Facebook Paper was a strange thing. After its release early last year, the extravagant news-reading smartphone app that unbundled the News Feed from the rest of Facebook quickly faded from view. But now it’s paying dividends—at least for Facebook.
On Wednesday, the company rolled out what it calls Instant Articles: stories from big-name news outlets that appear within Facebook’s iPhone app in their entirety rather than simply as a link to elsewhere on the web. In order words, you needn’t leave Facebook’s app in order to read the latest from The New York Times, The Atlantic, or The Guardian. The arrangement was long rumored, and it carries a fair share of controversy, with many worrying it will erode the power of publishers to control their content. But it makes good sense for Facebook. And, it turns out, the team behind the look and feel of Instant Articles was also the team behind Paper.
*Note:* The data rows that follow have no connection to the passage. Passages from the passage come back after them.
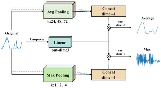 Based on the aforementioned method, we designed the MSF-Decomp module shown in Figure 3. This module uses average and max pooling to process data, where average pooling captures general trends, and max pooling highlights peaks or extreme values. It also incorporates various-sized pooling kernels, enhancing the separation of high-frequency and low-frequency components. Specifically, the module concatenates components from different-sized pooling operations. To maintain the original temporal data, it expands the data by one dimension, transforming it into a vector , with the last dimension being 3. Integration of various components is achieved through a weighted sum operation. For the input sequence , the expression is as follows:
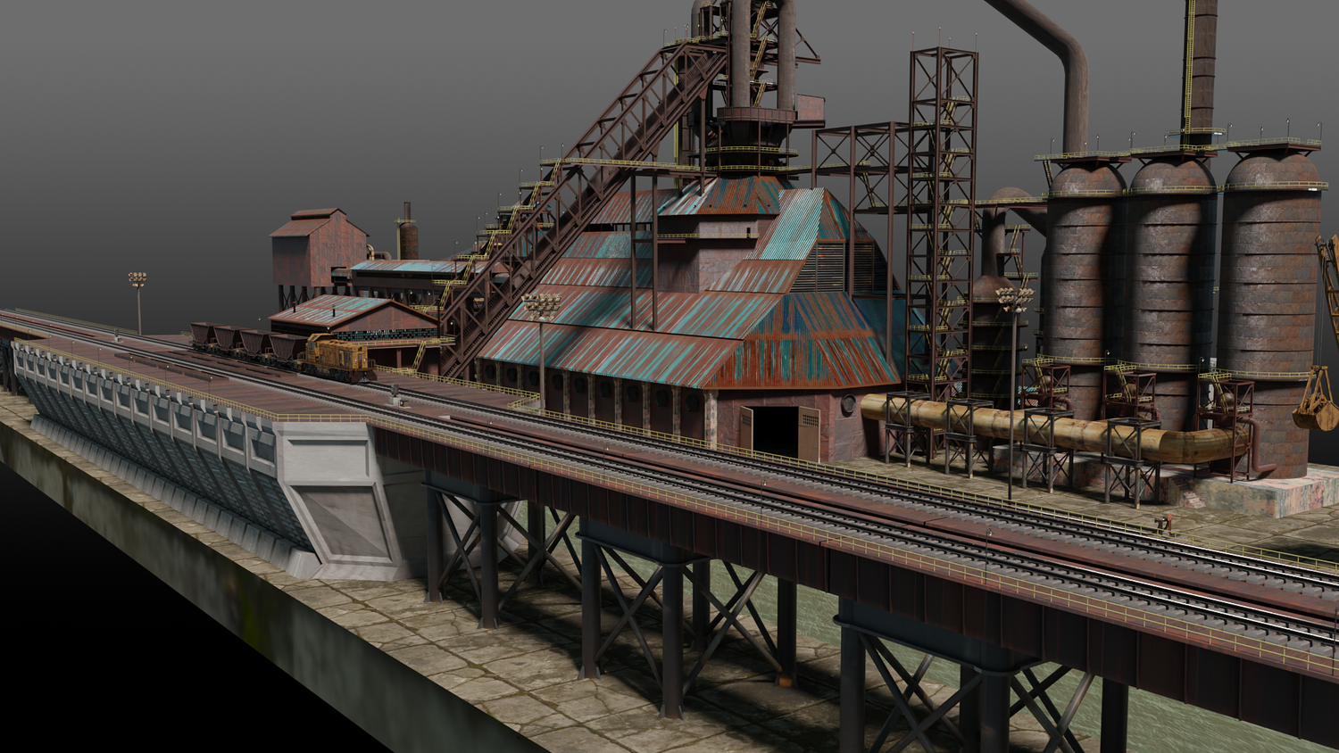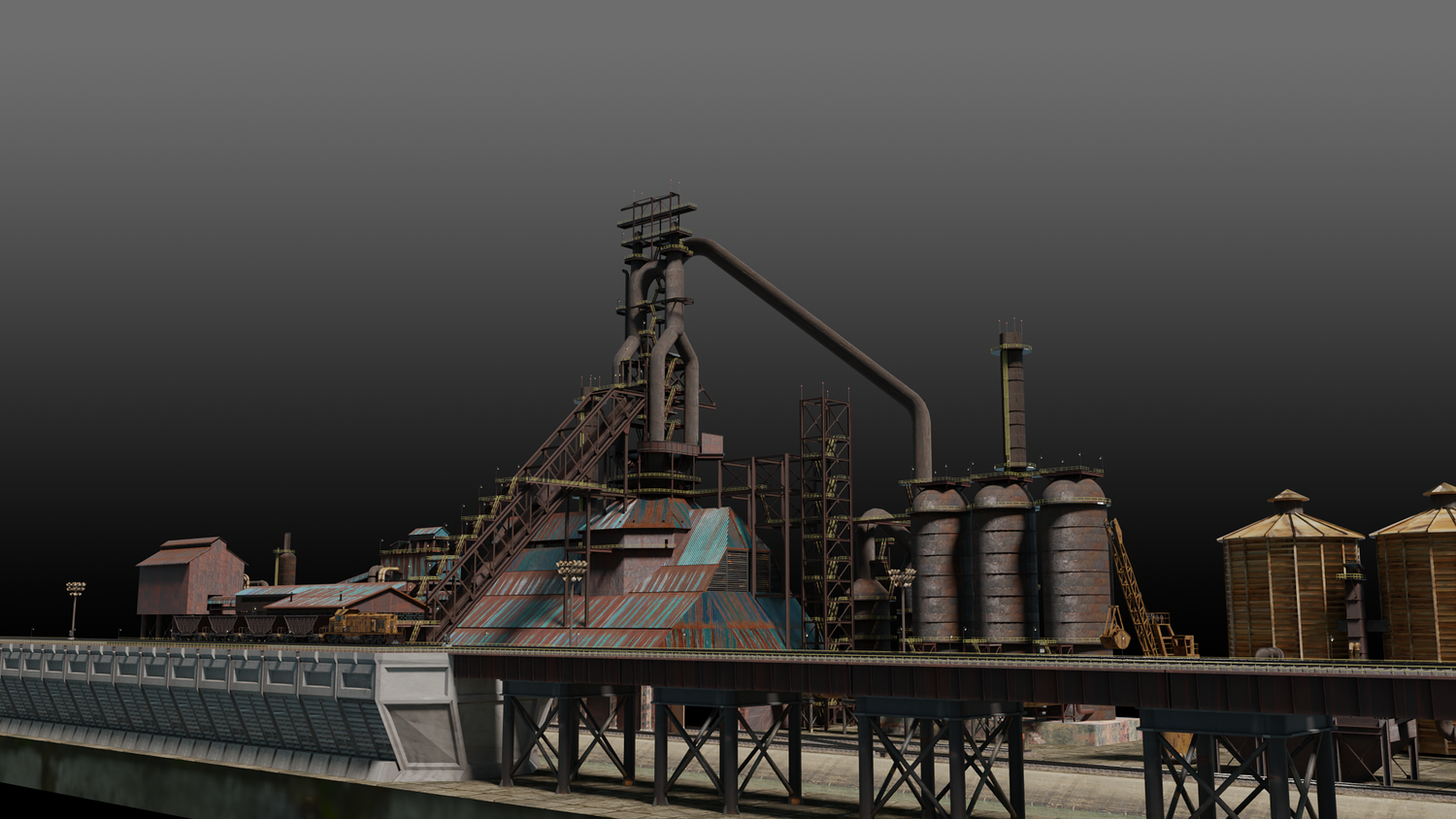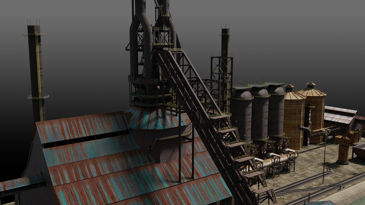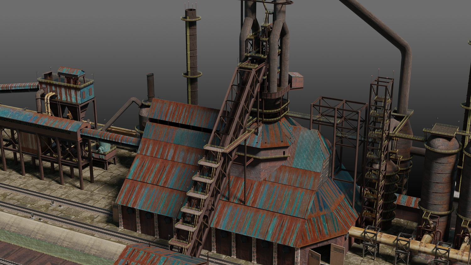 This is an upgrade version of blast furnace model, and it expanded to reveal a large part of the steelworks. New scene included more factory installations and more details. The whole model included 38 materials and 65 textures, UV mixed. 3 formats supported, blender fbx and obj. In FBX and OBJ file all objects are combined into several named objects while in Blender file they are separated for easy editing.
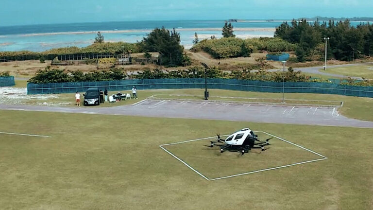 Several company social media posts explained the flight trial saw an EHang 216 passenger AAV fly two kilometres between Iheya Island and Noho Island in the Okinawa Prefecture. These are small, remote islands north of the main island of Okinawa, connected to each other by a narrow land bridge.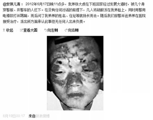 “2012年6月17日晚11點(diǎn)多,我弟張大虎在下班經(jīng)過發(fā)展大道時(shí),被幾個(gè)身穿警服開警車的人攔下。在沒有任何對(duì)話的前提下,幾人將硫酸潑在我弟臉上,同時(shí)用警察電棒毆打并踢踹,而后問了我弟弟的姓名、住址等就揚(yáng)長而去。隨后我們報(bào)警并送弟弟在醫(yī)院接受治療,派出所方面承認(rèn)此事但無任何人出來負(fù)責(zé)?!?月19日凌晨,網(wǎng)友“安琪兒清”的微博引起眾多網(wǎng)友關(guān)注,目前已被轉(zhuǎn)發(fā)了14000多次。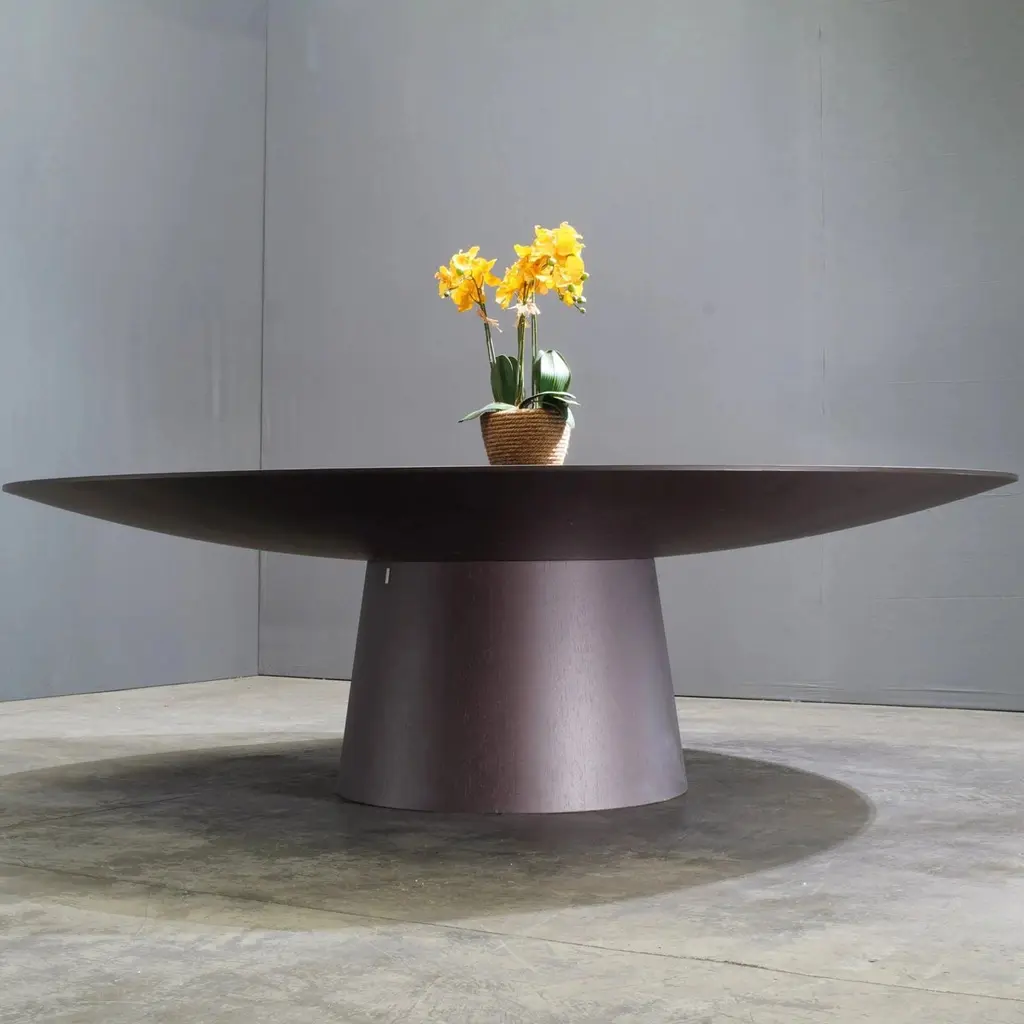 The Emmemobili UFO dining table with Embedded Lazy Susan by Ferruccio Laviani is a striking blend of futuristic design and practical functionality. Crafted with meticulous attention to detail, this table features a round top with an integrated Lazy Susan, perfect for effortless dining experiences. The table’s base, characterized by its sculptural form, adds a dramatic touch to any dining space. Made from high-quality materials, the UFO dining table stands out with its innovative design and luxurious finish. Ideal for contemporary interiors, this piece not only serves as a dining table but also as a statement of modern elegance and style. Enhance your dining area with the unique sophistication of the Emmemobili UFO dining table. Deliverable to ground floor only.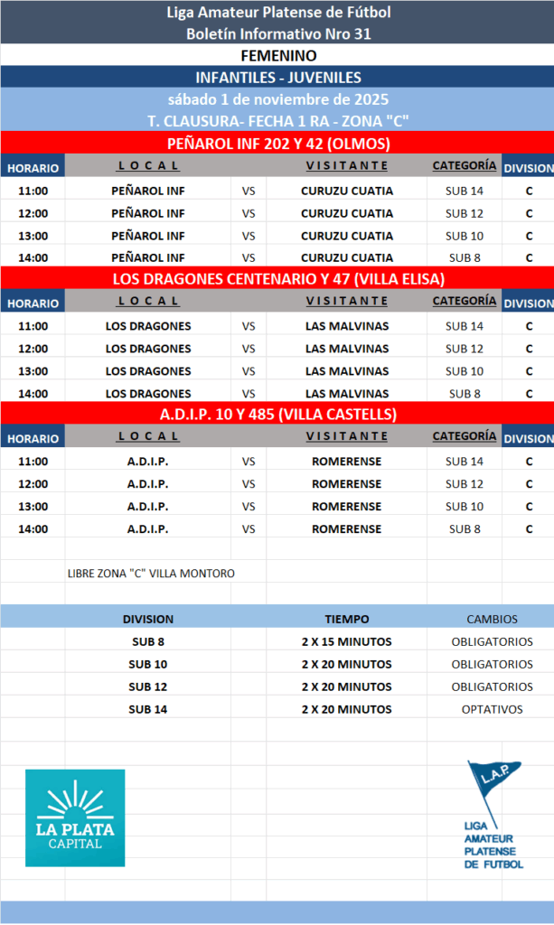 Les comunicamos el boletín informativo con la programación N°31 a disputarse el próximo fin de semana según el siguiente cronograma: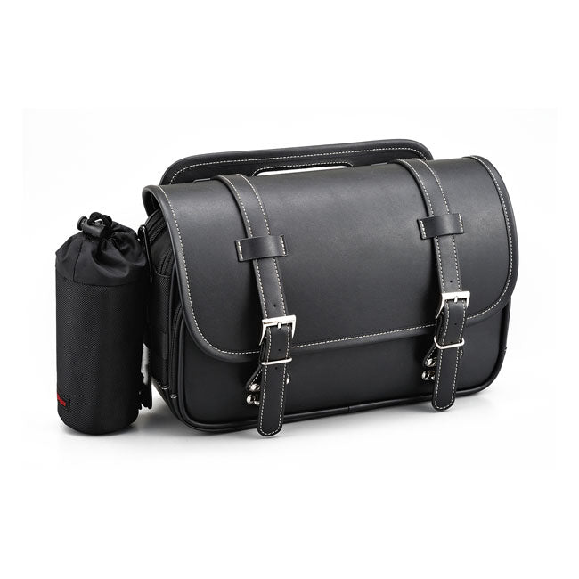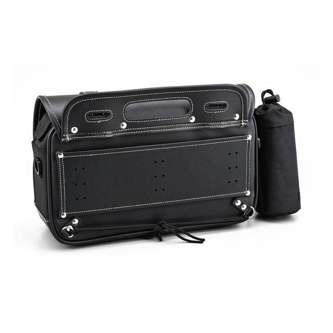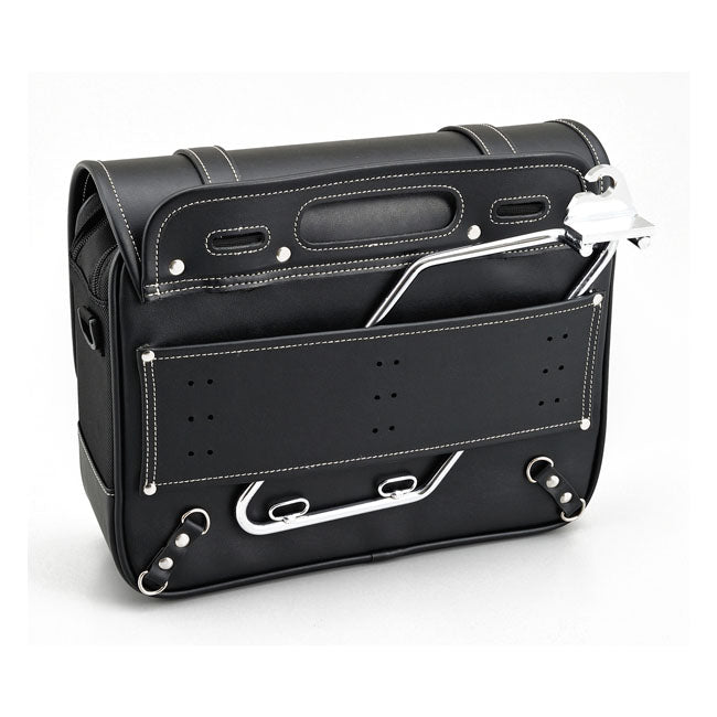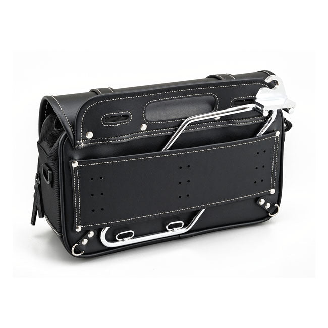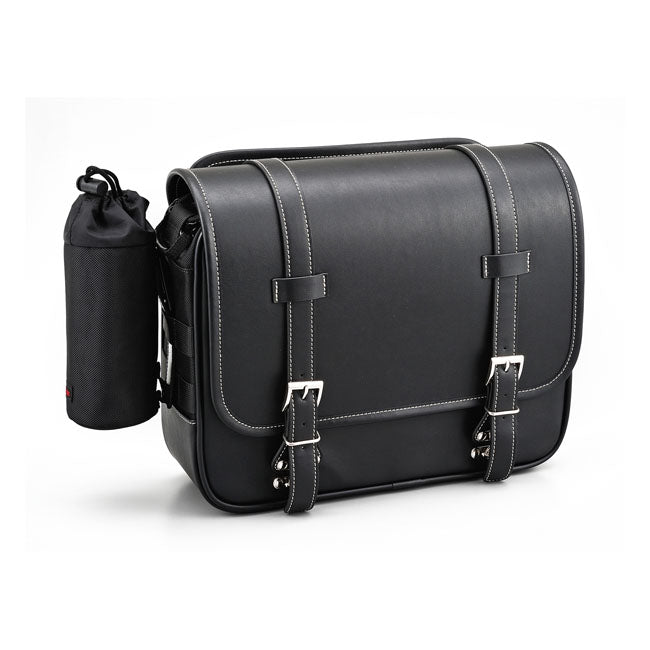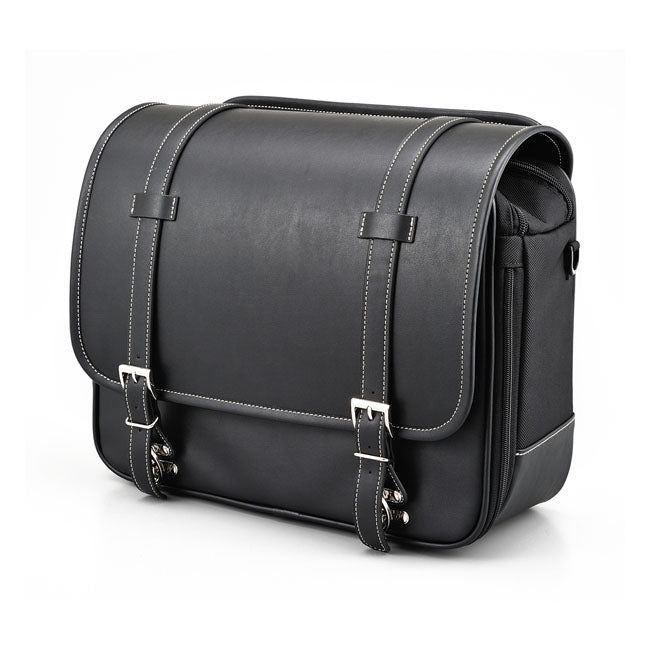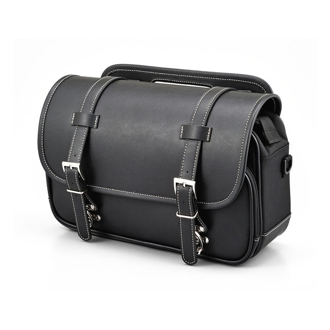 Mångsidig sidoväska som kan monteras på både vänster och höger sida av motorcykeln. Väskan har flera monteringsmöjligheter på baksidan och levereras med läder- och nylonremmar för enkel montering. Den förstärkta konstruktionen gör att väskan behåller formen även när den är tom, och stängningen sker med snabbspännen och justerbara remmar.

The upshot: Paper, which does not have ads, is feeding a new source of revenue for Facebook.
This was immediately obvious on Tuesday night, when the new-age media outlet Buzzfeed revealed that it was participating in the program, showing off one of its own “instant articles.” The mini-demo looked a lot like Paper, a distinctive—and impressive—piece of design and software engineering.
Indeed, Techcrunch reported that Michael Reckhow and Mike Matas, the project manager and lead designer behind Paper, helped oversee the creation of Instant Articles. “We’ve brought a bunch of the learnings [from Paper] into this product,” Reckhow told Techcrunch, including the way images and fonts are handled on these articles. More specifically, Paper engineer Ben Cunningham revealed on Twitter Instant Articles make use of a tool called AsyncDisplayKit that’s responsible for making Paper’s complex user interface so quick and responsive by tapping into the iPhone’s multi-core processors. Speed, after all, is one of the main aims meant to show that Instant Articles are preferable to reading in a web browser.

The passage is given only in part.